Pick’s theorem is a surprising and useful to find the area of a region formed by connecting dots on a grid. The area is simply
A = i + p/2 − 1
where i is the number of dots in the interior and p is the number of dots on the perimeter.
Example
For example, the in the figure below there are 11 black dots on the perimeter and 17 blue dots in the interior.
Therefore Pick’s theorem says the area of the figure is 17 + 11/2 − 1 = 21½.
Intuition
It makes sense that the area would be approximately i if the figure is very large. But why do you need to add half the dots on the perimeter and why do you subtract 1?
Pick’s theorem is simple, but it isn’t obvious. If it were obvious, someone closer to the time of Descartes (1596–1650) would have discovered it.

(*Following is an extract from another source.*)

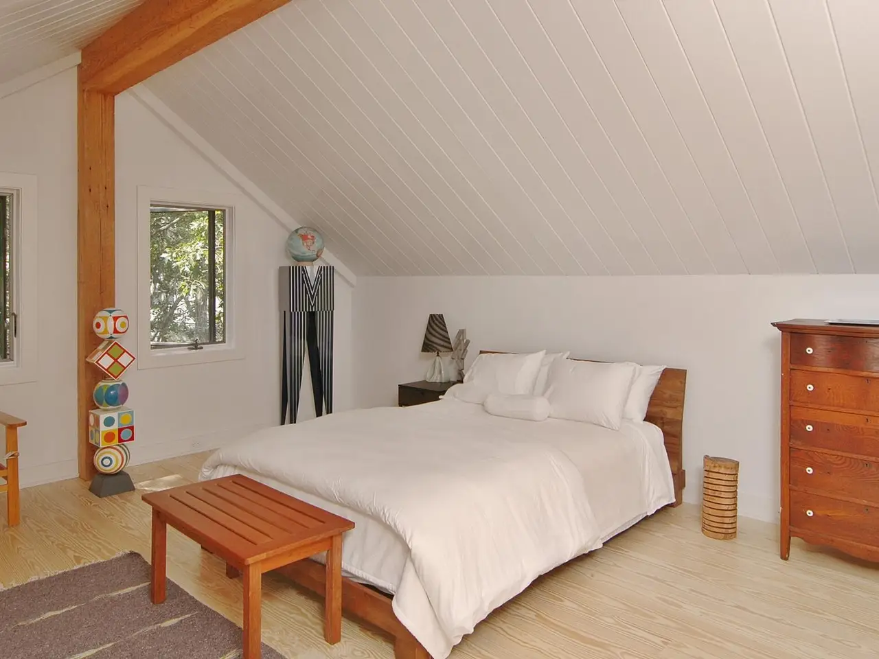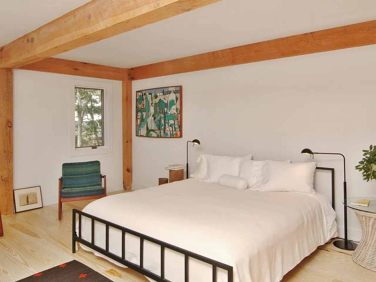 Rental Registration #: 25-3 This is a completely renovated three bedroom/2.5 bathrooms, additional rooms, den, on .67 acres very close to East Hampton Village. The house features a soaring, double height living room, floor to ceiling windows, open living area. Three zones central air-conditioning. New kitchen, high end stainless appliances, all counter tops are white calatrava marble , finely equipped, perfect for entertaining indoors or out. The master suite is on the ground floor with a luxurious en-suite bath, huge glassed shower and a soaking tub, gray Italian porcelain tile and marble cabinet tops. The master suite includes a windowed sitting room. The second floor has two bedrooms with queen beds, additional large open loft area with skylight overlooking the living room and a separate den/tv room. The second floor bath includes a large walk in shower, skylight. There is a 20 x 40' saltwater swimming pool which is surrounded by a 1200 square foot wood deck with lounge furniture, dining table and umbrellas, vegetable and herb garden for guests to enjoy. The house is on a gentle winding, dead end street which backs on a large preserve. The house is fully stocked with everything needed in the kitchen for cooking, serving, entertaining, a new Weber gas grill, all new linens, bath and beach towels, a sound system with speakers, WiFi, cable included. The setting is private, grounds have substantial trees. Just north of East Hampton Village, three miles to ocean or bay beaches.

Instead, the theorem was discovered by Georg Alexander Pick in 1899. However, the theorem is fairly obvious for a rectangle, and this post will illustrate that case. For a rectangle, you can easily see why you need to add half the perimeter dots and subtract 1.
Rectangular case
Imagine an m by n rectangular array of dots. If you were to draw a frame around those dots with the corners of the rectangle being exactly between dots, the area would be mn, the number of dots inside the frame.
Pick’s theorem does not apply here because the corners of our frame do not lie on the grid. So let’s shift our grid down and to the left so that its corners do lie on the grid.

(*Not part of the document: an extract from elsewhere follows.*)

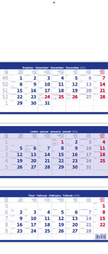 Kalendář nástěnný 2026 - Tříměsíční skládaný modrý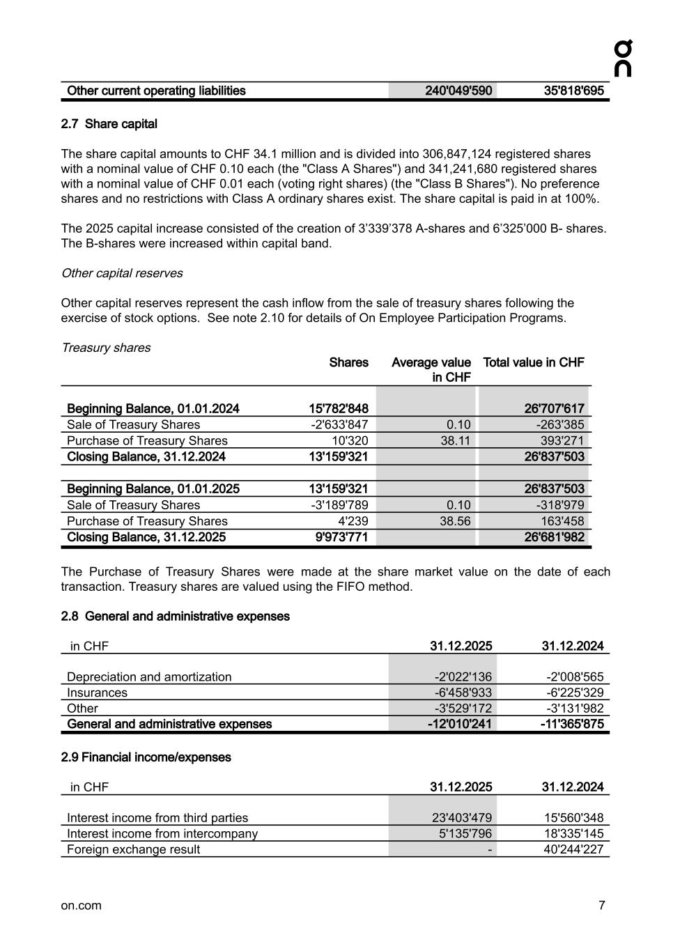 Other current operating liabilities 240'049'590 35'818'695 2.7 Share capital The share capital amounts to CHF 34.1 million and is divided into 306,847,124 registered shares with a nominal value of CHF 0.10 each (the "Class A Shares") and 341,241,680 registered shares with a nominal value of CHF 0.01 each (voting right shares) (the "Class B Shares"). No preference shares and no restrictions with Class A ordinary shares exist. The share capital is paid in at 100%. The 2025 capital increase consisted of the creation of 3’339’378 A-shares and 6’325’000 B- shares. The B-shares were increased within capital band. Other capital reserves Other capital reserves represent the cash inflow from the sale of treasury shares following the exercise of stock options. See note 2.10 for details of On Employee Participation Programs. Treasury shares Shares Average value in CHF Total value in CHF Beginning Balance, 01.01.2024 15'782'848 26'707'617 Sale of Treasury Shares -2'633'847 0.10 -263'385 Purchase of Treasury Shares 10'320 38.11 393'271 Closing Balance, 31.12.2024 13'159'321 26'837'503 Beginning Balance, 01.01.2025 13'159'321 26'837'503 Sale of Treasury Shares -3'189'789 0.10 -318'979 Purchase of Treasury Shares 4'239 38.56 163'458 Closing Balance, 31.12.2025 9'973'771 26'681'982 The Purchase of Treasury Shares were made at the share market value on the date of each transaction. Treasury shares are valued using the FIFO method. 2.8 General and administrative expenses in CHF 31.12.2025 31.12.2024 Depreciation and amortization -2'022'136 -2'008'565 Insurances -6'458'933 -6'225'329 Other -3'529'172 -3'131'982 General and administrative expenses -12'010'241 -11'365'875 2.9Financial income/expenses in CHF 31.12.2025 31.12.2024 Interest income from third parties 23'403'479 15'560'348 Interest income from intercompany 5'135'796 18'335'145 Foreign exchange result - 40'244'227 on.com 7

Now some of our original dots, marked in blue, are on the perimeter of the frame. We could add the number of dots on the perimeter to correct for this, but that would be too much because the blue dots on the perimeter are only on the left and top sides. Each has a reflection on the right and bottom, marked with red dots. So we shouldn’t add all the dots on the perimenter, but only half the dots on the perimeter.

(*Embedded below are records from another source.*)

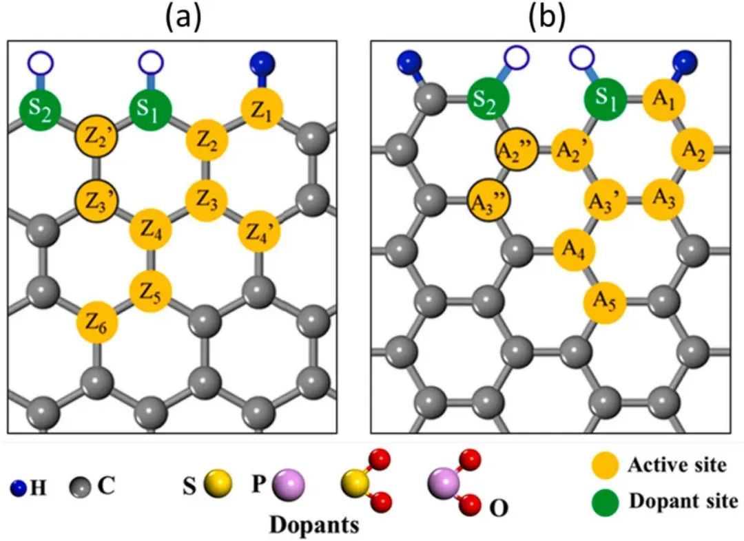 石墨烯纳米带(GNR)是适合掺杂更大尺寸杂原子(如硫和磷)在边缘上,从而诱导出大量活性碳位点的合适候选者。根据边缘,GNR主要分为两种类型:锯齿纳米带(2n-ZGNR)和椅子型纳米带(n-AGNR),表现出不同的特性,其中n表示纳米带的宽度。在ZGNR和AGNR的边缘处,碳原子使用氢原子被占据。首先,考虑了6-ZGNR和11-AGNR模型,通过13种不同的硫(S)、磷(P)、二氧化硫(SO2)和二氧化磷(PO2)的配置进行边缘掺杂(图1,S1)。掺杂配置如下:S、SO2、P、PO2、2S、2P、2SO2、SP、SSO2、SPO2、PSO2、PPO2、SO2PO2。对于GNR模型中的每种边缘掺杂配置,同时确定了一些碳位点作为可能的ORR活性位点(图1)。最终通过ZGNR和AGNR中各种边缘掺杂配置设计了共计136种不同的活性位点(26个系统)。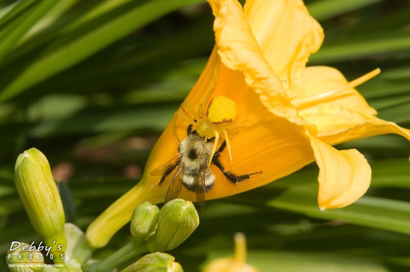 Comments: 1804 Yellow Crab Spider with Captured Bumblebee, Daylily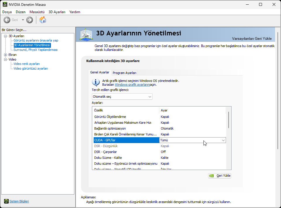 3D Ayarları > 3D Ayarlarının Yönetilmesi > Genel Ayarlar sekmesi altında , CUDA – GPU'lar = TÜMÜ ve OpenGL ile görüntü oluşturma GPU’su = Otomatik seç seçeneklerinin ayarlandığından emin olun.

But that still overcounts slightly. There are two dots on the perimeter that do not correspond to a blue dot or to the reflection of a blue dot. These are the hollow circles in the top right and bottom left corners. So when we take half the perimeter, we need to subtract 1 to account for half of this pair of dots.
This doesn’t prove Pick’s theorem in general, but it does prove it for rectangular regions. Even if we can’t see why the formula generalizes to more complicated regions, we can be grateful that it does.